“When you teach someone to swim, you don’t just throw them in the deep end and hope they do great”
– Abby Anderson
Executive director, Connecticut Juvenile Justice Alliance, the USA
The European Court of Human Rights has considered the age of criminal responsibility and the right to a fair trial in the case of T V vs. United Kingdom (See T and V vs. UK Application no. 24724/94 – http://www.echr.coe.int/echr/) involving an eleven year old boy charged with murder of a two year old. The court held that the formality and ritual of the adult court was incomprehensible and intimidating for a child and that the right to fair trail had been violated, even though the boy was represented by skilled and experienced lawyers. In the light of the lack of juvenile courts in Georgia, and the lack of specialized juvenile lawyers and judges, much the same criticism could be leveled at the Georgian system, and any challenge to the European Court would have a good chance of success.

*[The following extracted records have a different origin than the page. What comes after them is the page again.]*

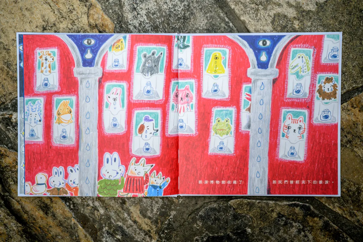 「我在做這本書的時候,流的眼淚應該可以再開一座眼淚博物館了吧(笑)?一開始的幾頁就陷入了找不到方向的困境,甚至懷疑自己可能沒有創作的天分,是不是該放棄當繪本作家的夢想?還好後來有好多位創作者的陪伴,我順利地畫完了!就像一開始做這個故事的動機一樣,我認為每次流淚都是即將成長的生長痛。眼淚,不是膽小或不勇敢的象徵。它代表著每個成長的瞬間,它是我們勇敢跨出舒適圈、重新站起來的美麗結晶。因此,它值得被當成珍貴的寶物一樣,展示在博物館中!下次流淚的時候,不妨好好記錄下來,讓我們一起成為驕傲的愛哭鬼吧!」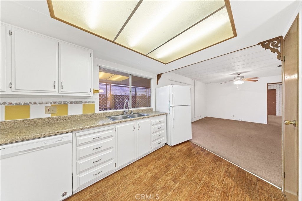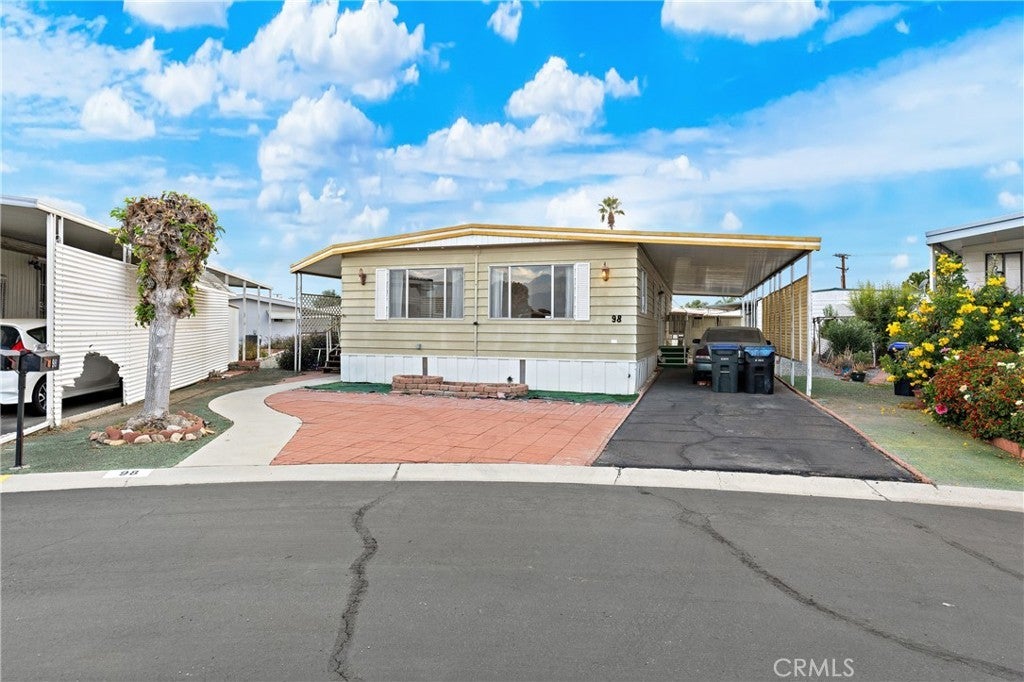 Large 2 bedroom 2 bath mobile in Golden Coach Manor senior rental park. Living room with ceiling fan and built-in china hutch. Kitchen has Formica counter tops, Stainless steal sink, 5-burner stove, breakfast bar, standing pantry, and laminated flooring. Family room with slider to covered porch. Primary bedroom has 2 mirrored wardrobes and a linen closet, dual-sink seated vanity, shower stall. Inside laundry. Wheel chair lift. 2 sheds. Close to dining and shopping options. Lovely park amenities.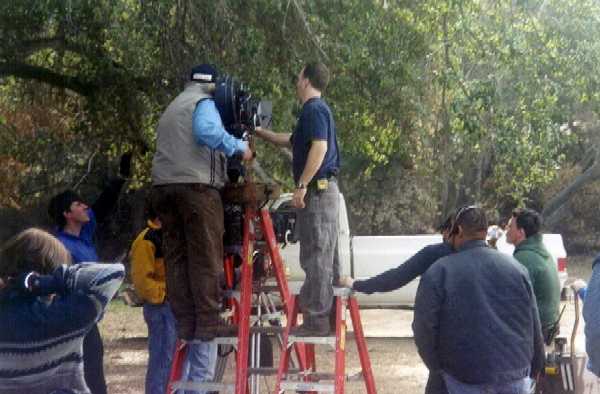 Frank Dobbs and his Camera Assistant, Greg Magido, set up a high shot.

Georgia became a member of the UN Treaty Convention on the Child`s Rights on 2 June, 1994. The country reports were submitted to the United Nations Committee on the Rights of the Child in 1998 and in 2003. The Committee published comments on the second report and expressed deep regret that Georgia had not considered the UN recommendations on the previous report and the Juvenile Justice was executed with the bad practice against the International Standards and with the violations of the children`s rights (http://www.unhchr.ch/tbs/doc.nsf/(Symbol)/CRC.C.15.Add.222.En?OpenDocument).
In 2007 the amendments, made in the Criminal Code of Georgia which reduced the age of criminal responsibility from 14 to 12, caused considerable concerns in the light of the failure to implement the Conventions provisions. After the regrets declared by the UNCRC and national and international human rights organizations, this amendment is currently on moratorium and the Parliament of Georgia is discussing about restoring the age of criminal responsibility again to 14.
Compared with the Western Europe, Georgia has a very low number of juvenile prosecutions. However, it does have a high rate of imprisonment for juveniles as shown (http://www.mcla.gov.ge).
2004 | 2005 | 2006 | 2007 | 2008 | 2009 -03.2010 |
|
Number of convicted juveniles |
598 | 475 | 1002 | 1060 | 1166 | 403 |
Deprivation of liberty |
140 | 104 | 340 | 426 | 381 | 133 |
Imprisonment (5-15 years) |
14,3% | 17,3% | 32,5% | 32,0% | 25,0% | —– |
Murders | 5 | 5 | 21 | 40 | 31 | 15 |
Bodily Damage |
8 | 3 | 14 | 9 | 17 | 8 |
Theft | 286 | 299 | 575 | 551 | 619 | 204 |
Hooliganism (beatings, verbal assault) |
13 | 12 | 42 | 43 | 63 | 22 |
Narcotic crime |
24 | 8 | 21 | 22 | 32 | 6 |
The comparable figure for England and Wales (which has one of the highest rates of imprisonment in the Western Europe) is approximately 9%. In England, the maximum length of sentence for a juvenile is two years (of which one year is spent in the community under supervision), unless the juvenile has committed a very serious offence against the person, such as murder.
The minimum sentence for children placed at the Juvenile Correctional Center is six months, but very small number of the children is given a minimum sentence. Because the sentence of imprisonment given to children is generally three years or more, it was estimated that about 60% of the children will move into adult prisons.
At present the current system of juvenile justice in Georgia which is largely still the system implemented under Soviet rule provides too little discretion, flexibility and alternatives to criminalization to meet human rights standards. Children are tried in adult courts under the same procedure and conditions as applying to adult offenders. The Criminal Code of Georgia provides the judge with a range of possible non-custodial sanctions when sentencing, but in practice, the options are few, and there are an inadequate range of alternatives to detention (www.childrenslegalcentre.com/International+programmes/…/JuvenileJustice)
The urgency of reform of the existing legislation and the overall system and practice of the juvenile justice is on the face. The children should not receive “adult time for adult crime” but they should “be treated in a manner consistent with the promotion of the child’s sense of dignity and worth, which reinforces the child’s respect for the human rights and fundamental freedoms of others and which takes into account the child’s age and the desirability of promoting the child’s reintegration and the child’s assuming a constructive role in society” (Art. 40 of the UN Convention on the Child`s Rights).
The mentioned problem of the treatment of child offenders as adult criminals in justice system is common for many UN Member States. Although, there have been major advances in the understanding of adolescent offending in many of the States, but with few exceptions, these understandings have not yet been translated into legislations.
Discussion Points:
- Are there any exceptions when the existing mentality of “Adult time for adult crime” is justifiable to exercise?
- How is it in other countries?
- To change this mentality is a matter of policy and when the governments are doing nothing, can NGOs and independent human rights defenders assist the process of reformation and push the government to changes?
- How important is international cooperation and share of experiences for changing the “adult time for adult crime” mentality?